O sorvete, o tombo e uma reconciliação.


Formigando meu rosto os raios de sol penetravam minha pele recarregando as energias como uma bateria. Os raios sendo sugados pelos poros, o calor percorrendo meu rosto, se espalhando por todo o corpo me proporcionavam um bem-estar que antes era tão comum.

Aquela tarde, com certeza, foi uma das melhores do mês. O sol acima das nossas cabeças brilhando como nunca, decorava aquela imensidão azul, que naquele dia era de um azul turquesa incrivelmente forte e vivo. Sai da loja com um delicioso sorvete de limão cantarolando "Call me Maybe" e caminhando em direção ao sinal.

- Hey, I just met you, and this crazy.
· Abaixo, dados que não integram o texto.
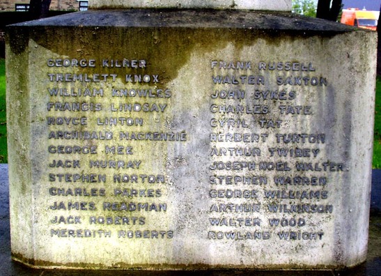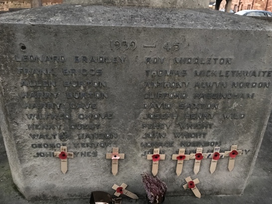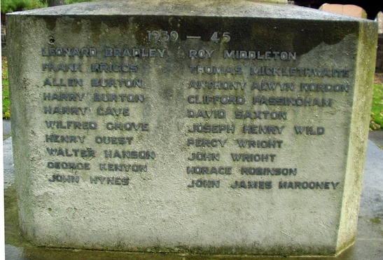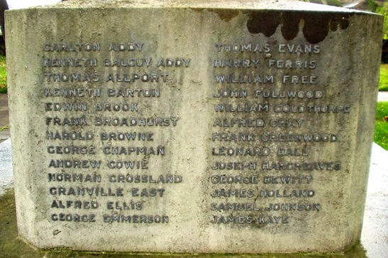Carlton Addy, Kenneth Balguy Addy, Thomas Allport, Kenneth Barton, Edwin Brook, Frank Broadhurst, Harold Browne, George Chapman, Andrew Cowie, Norman Crossland, Granville East, Alfred Ellis, George Emmerson, Thomas Evans, Harry Ferris, William Free, John Fullwood, William Goldthorpe, Alfred Gray, Frank Greenwood, Leonard Hall, Joseph Hargreaves, George Newitt, James Holland, Samuel Johnson, James Kaye, George Kilner, Tremlett Knox, William Knowles, Francis Lindsay, Royce Linton, Archibald Mackenzie, George Mee, Jack Murray, Stephen Norton, Charles Parkes, James Readman, Jack Roberts, Meredith Roberts, Frank Russell, Walter Saxton, John Sykes, Charles Tate, Cyril Tate, Herbert Turton, Arthur Twibey, Joseph Noel Walter, Stephen Warren, George Williams, Arthur Wilkinson, Walter Wood, Rowland Wright, [1939-45] Leonard Bradley, Frank Briggs, Allen Burton, Harry Burton, Harry Cave, Wilfred Grove, Henry Guest, Walter Hanson, George Kenyon, John Hynes, Roy Middleton, Thomas Micklethwaite, Anthony Alwyn Nordon, Clifford Passingham, David Saxton, Joseph Henry Wild, Percy Wright, John Wright, Harace Robinson, John James Marooney.
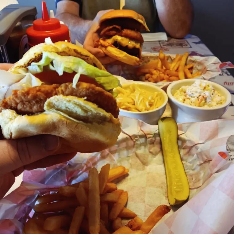In the first pic, closest to the camera is their Chicken Filet sandwich, which is breaded chicken breast with lettuce, tomato, and onion on a soft, toasted roll. It comes with fries and a pickle for $12. Very delicious. I did not add any mayo or BBQ sauce. Second pic shows their Sweet Burger, super-thick, super-juicy (ordered medium rare), with onion rings, cheddar and BBQ sauce. With fries and a pickle for $14.
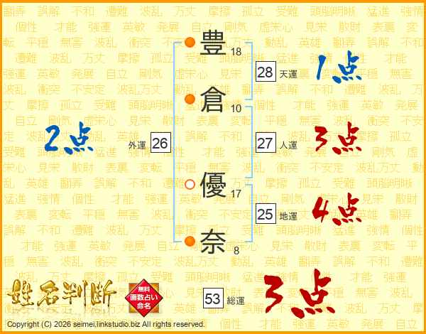 豊(18画)倉(10画) 優(17画)奈(8画)
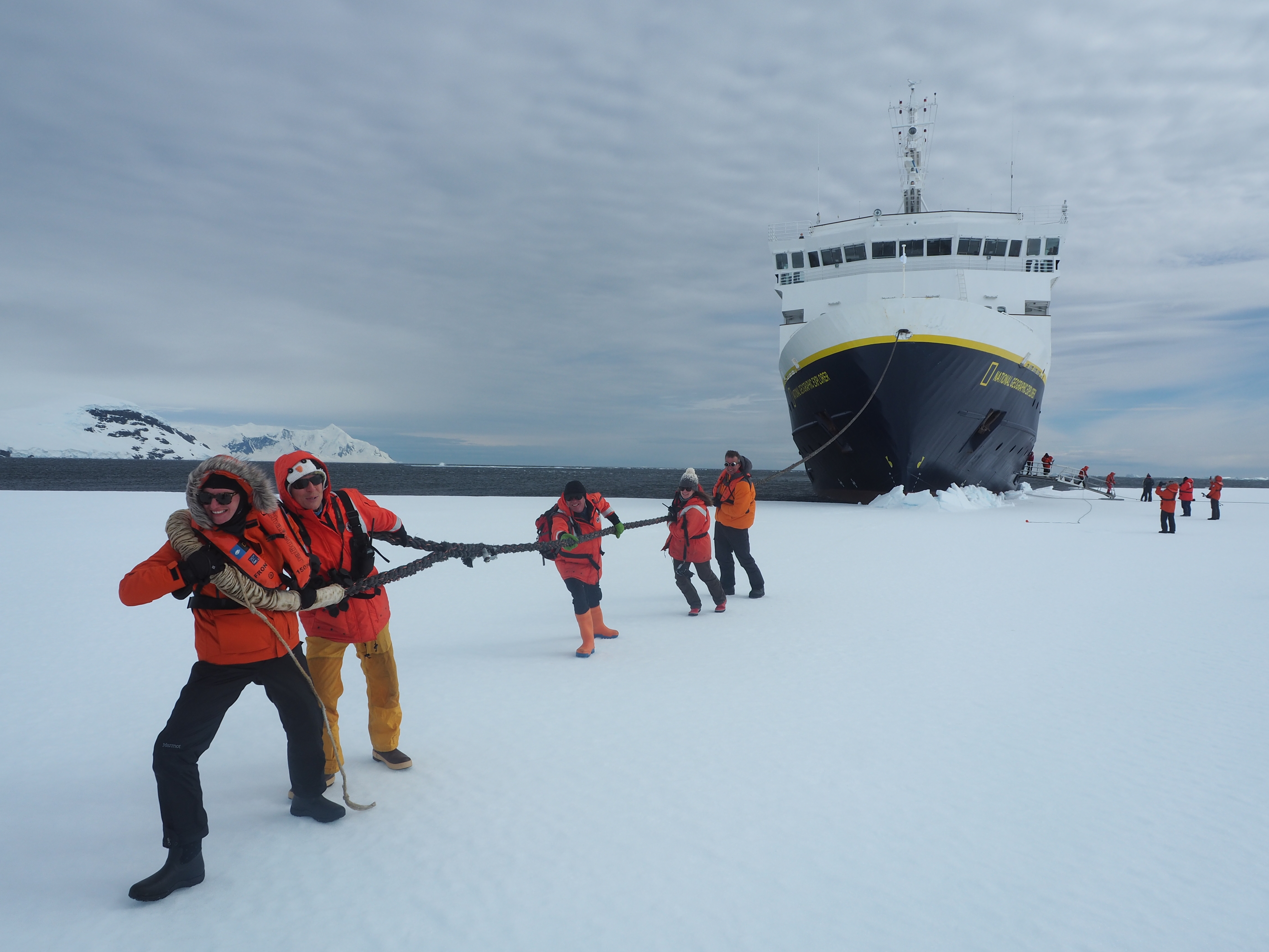 We woke up early in the morning as National Geographic Islander navigated along the northern part of Isabela Island. Slowly the sun appeared above the clouds surrounding Volcano Wolf. We spotted our first birds as Galapagos fur seals returned to shore from their night hunt. We enjoyed a great breakfast. Afterward, expedition leader Vanessa called everyone to the bow to celebrate as we crossed the equator. Our guests happily crossed the line. Approaching Punta Vicente Roca, the visitor site, we spotted Galapagos sea lions and a good number of ocean sunfish. The first activity of the day took place as we dropped anchor at Punta Vicente Roca. This is a spectacular geological site. The combination of the former volcano’s tall cliffs and the tuff cones formed later adds an amazing contrast to this unique visitor site. Our best tools for exploration, our Zodiacs, were lowered down, and off we went to explore the coast. We observed Nazca boobies and blue-footed boobies resting on the small ledges of the tuff cones. Galapagos sea lions swam close to our Zodiac, and Galapagos penguins rested on a broken piece of the tuff cone after feeding. What a wonderful sight! In a calm area, we found a good number of Pacific green sea turtles. The morning’s activities ended with snorkeling. Pacific green sea turtles, plenty of colorful fish, Galapagos marine iguanas and flightless cormorants surrounded us. It was a phenomenal experience! The ship was repositioned toward Fernandina Island. The youngest island of the archipelago, Fernandina is a highlight of our expedition. This island shows our guests the beginning of life. We observed animals thriving in the hostile environment. Pioneer plants like lava cacti grow on the lava fields, breaking down rocks little by little to create soil for the next generation of plants. Punta Espinoza is known for its huge colony of Galapagos marine iguanas. It is hard to distinguish the iguanas from rocks since they are so dark in color. On the other hand, colorful Sally Lightfoot crabs added contrast to the young, dark lava fields. We ended our walk as the sun was setting, returning to the ship with great memories. It was a fantastic day in the western part of the archipelago.

But here's my number, so call me maybe - No ponto alto da música, como não poderia ser diferente, topei em um paralelepípedo que se sobressaltava entre os outros na calçada. É claro que derrubei o delicioso sorvete de limão. E piorando muito  a situação, percebi que os restos do sorvete haviam pousado em uma blusa branca na minha frente que cobria um peitoral dos Deuses. Sem graça, soltei alguns pedidos de desculpa que, com certeza, o rapaz não entendeu. Puxei um dos lenços de dentro da bolsa e comecei a limpar a blusa branca suja de sorvete. Sim, me aproveitei da situação passando as mãos naqueles peitorais.
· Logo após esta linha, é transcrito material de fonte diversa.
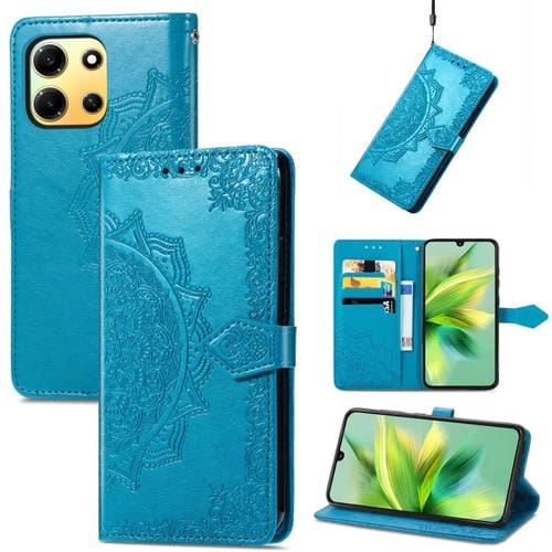 Funda para Teléfono Infinix Note 30I de Cuero con Estampado de Flores Mandala (Azul)

- Incrível - falei em alto e bom tom enquanto esfregava os peitorais dos Deuses. Meus devaneios foram interrompidos por uma pergunta feita pelo tal rapaz:

- O que é incrível? - Juro, não reconheci aquela voz, o que foi bastante estranho.
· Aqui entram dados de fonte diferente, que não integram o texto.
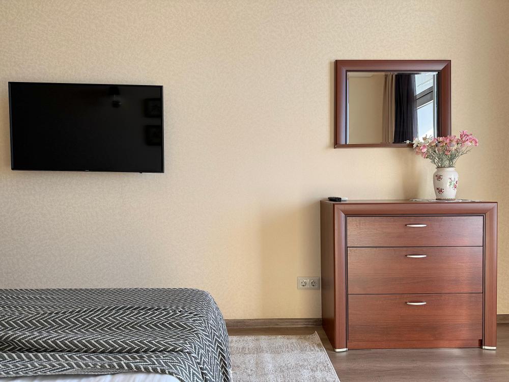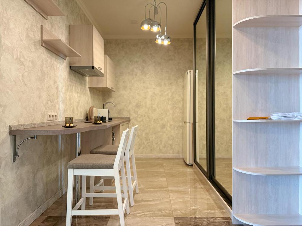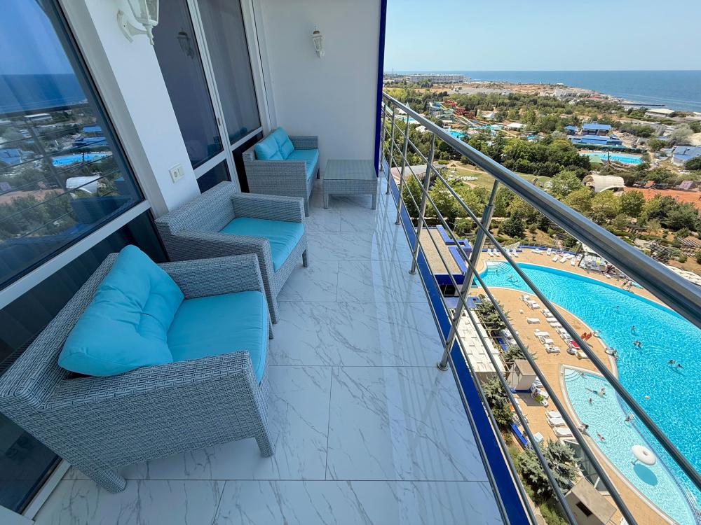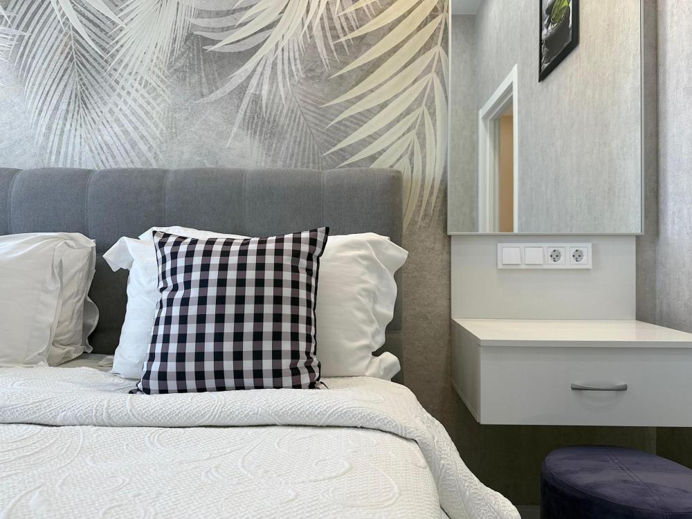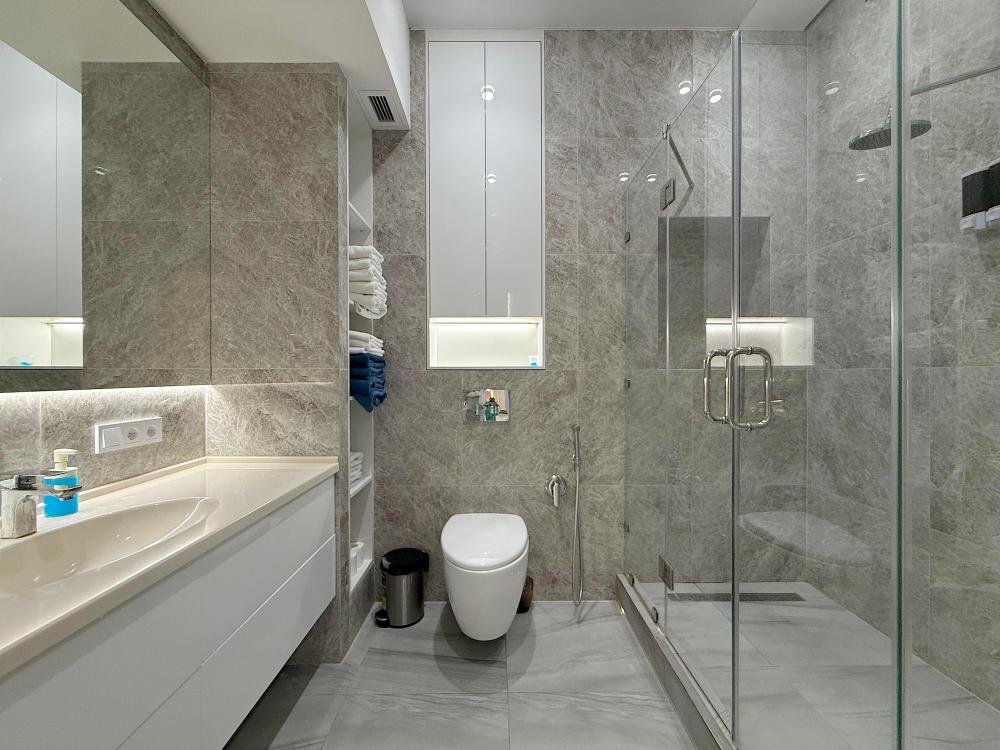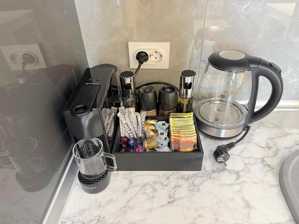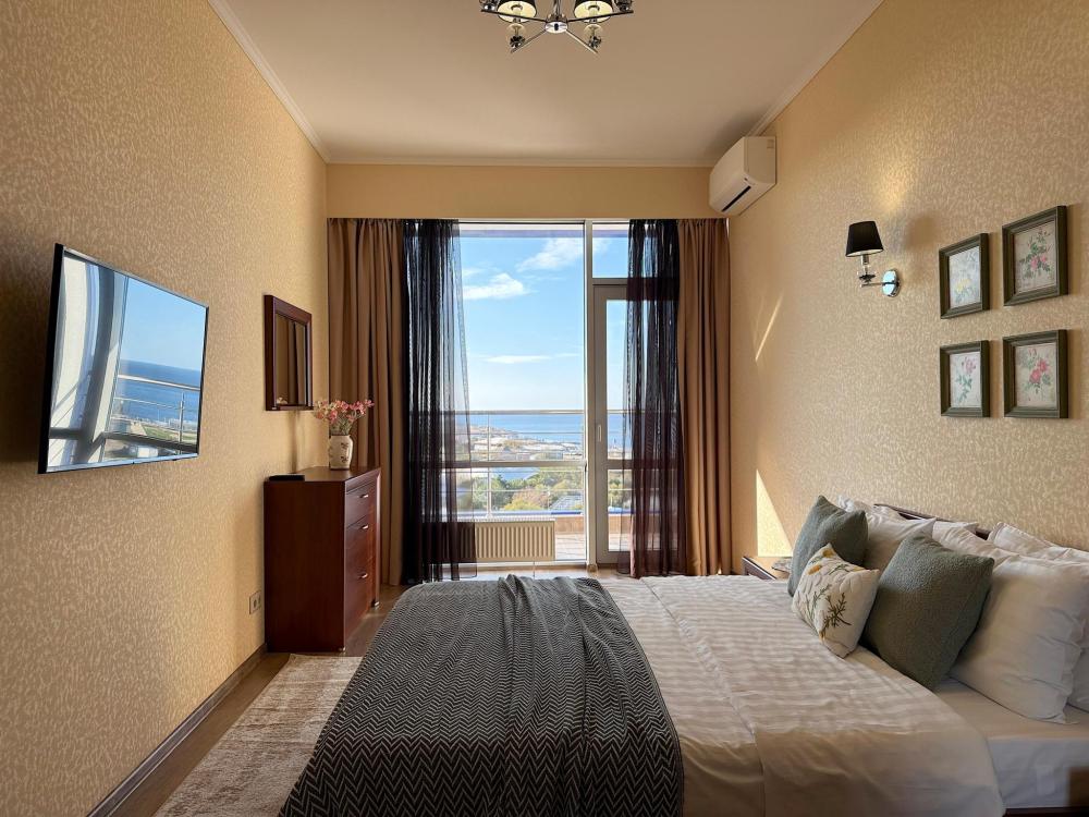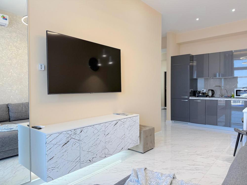 Апартаменты вместимостью до 4 человек. В апартаментах есть все, что необходимо для комфортного проживания: двуспальная кровать, раскладной диван, сатиновое постельное белье, комплекты махровых полотенец, махровые халаты и тапочки для взрослых, балкон и два кресла со столиком, кондиционер, телевизор, Wi-Fi, игровая приставка SonyPlayStation 5, шкаф-купе, холодильник, варочная поверхность, микроволновая печь, электрочайник, капсульная кофемашина, посуда, посудомоечная машина, гигиенические и гладильные принадлежности, теплые полы, стиральная машина, фен.
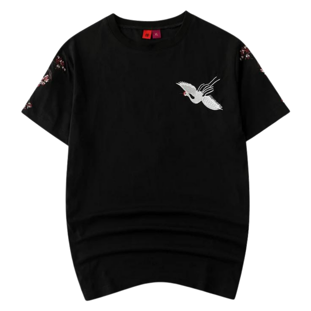 Ce t-shirt oiseau vous habille d'un véritable haiku visuel porté à même la peau. Les grues et les fleurs de cerisier brodées racontent une histoire de grâce et de liberté. Associez-le à un kimono cardigan et des sneakers minimalistes de notre collection pour laisser parler cette estampe streetwear. Ce t-shirt japonais est la plume des écrivains urbains qui savent que la vraie poésie se vit autant qu'elle se lit !

- Ah, incrível como... - falei levantando o rosto -...sou desas... - as palavras sumiram da minha mente quando consegui ver quem estava na minha frente. Minhas pernas, instantaneamente, se transformaram em um líquido gelatinoso. Meu mundo caiu, assim como naquela música da Maysa.

-Incrível como você é o quê, Tom?

Meus Deuses! Ele pronunciou meu nome e aquelas palavras ecoaram na minha mente.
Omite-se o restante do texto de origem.